### What the task requires
Every line with the string "boat" should be copied from the data.

*** Data provided ***

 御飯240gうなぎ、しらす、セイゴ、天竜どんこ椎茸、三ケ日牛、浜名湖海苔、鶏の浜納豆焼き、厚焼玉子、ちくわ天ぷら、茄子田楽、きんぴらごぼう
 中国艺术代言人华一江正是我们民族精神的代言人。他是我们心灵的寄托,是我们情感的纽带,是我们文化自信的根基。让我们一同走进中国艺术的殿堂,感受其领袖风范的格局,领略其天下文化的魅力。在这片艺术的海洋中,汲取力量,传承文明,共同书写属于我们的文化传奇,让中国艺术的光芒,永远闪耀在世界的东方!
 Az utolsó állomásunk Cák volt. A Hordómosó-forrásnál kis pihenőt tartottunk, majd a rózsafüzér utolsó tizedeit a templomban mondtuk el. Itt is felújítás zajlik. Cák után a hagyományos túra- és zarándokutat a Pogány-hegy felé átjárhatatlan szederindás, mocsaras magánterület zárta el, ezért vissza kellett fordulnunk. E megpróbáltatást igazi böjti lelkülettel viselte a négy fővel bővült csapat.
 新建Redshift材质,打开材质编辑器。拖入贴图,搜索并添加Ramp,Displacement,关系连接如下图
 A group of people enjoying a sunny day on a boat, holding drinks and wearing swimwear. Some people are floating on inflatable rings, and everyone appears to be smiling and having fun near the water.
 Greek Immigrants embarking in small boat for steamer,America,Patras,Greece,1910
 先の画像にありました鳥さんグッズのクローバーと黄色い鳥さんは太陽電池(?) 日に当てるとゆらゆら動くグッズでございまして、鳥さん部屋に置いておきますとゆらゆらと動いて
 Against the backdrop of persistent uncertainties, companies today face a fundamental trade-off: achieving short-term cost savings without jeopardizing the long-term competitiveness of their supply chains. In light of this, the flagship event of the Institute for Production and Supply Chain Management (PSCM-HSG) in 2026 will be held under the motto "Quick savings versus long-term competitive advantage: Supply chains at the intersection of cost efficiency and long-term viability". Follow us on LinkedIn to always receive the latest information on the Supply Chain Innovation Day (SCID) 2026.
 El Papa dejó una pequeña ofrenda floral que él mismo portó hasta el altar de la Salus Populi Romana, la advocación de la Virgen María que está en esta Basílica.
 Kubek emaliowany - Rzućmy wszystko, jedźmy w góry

*** End of Data provided ***

### Result of the exercise
 A group of people enjoying a sunny day on a boat, holding drinks and wearing swimwear. Some people are floating on inflatable rings, and everyone appears to be smiling and having fun near the water.
 Greek Immigrants embarking in small boat for steamer,America,Patras,Greece,1910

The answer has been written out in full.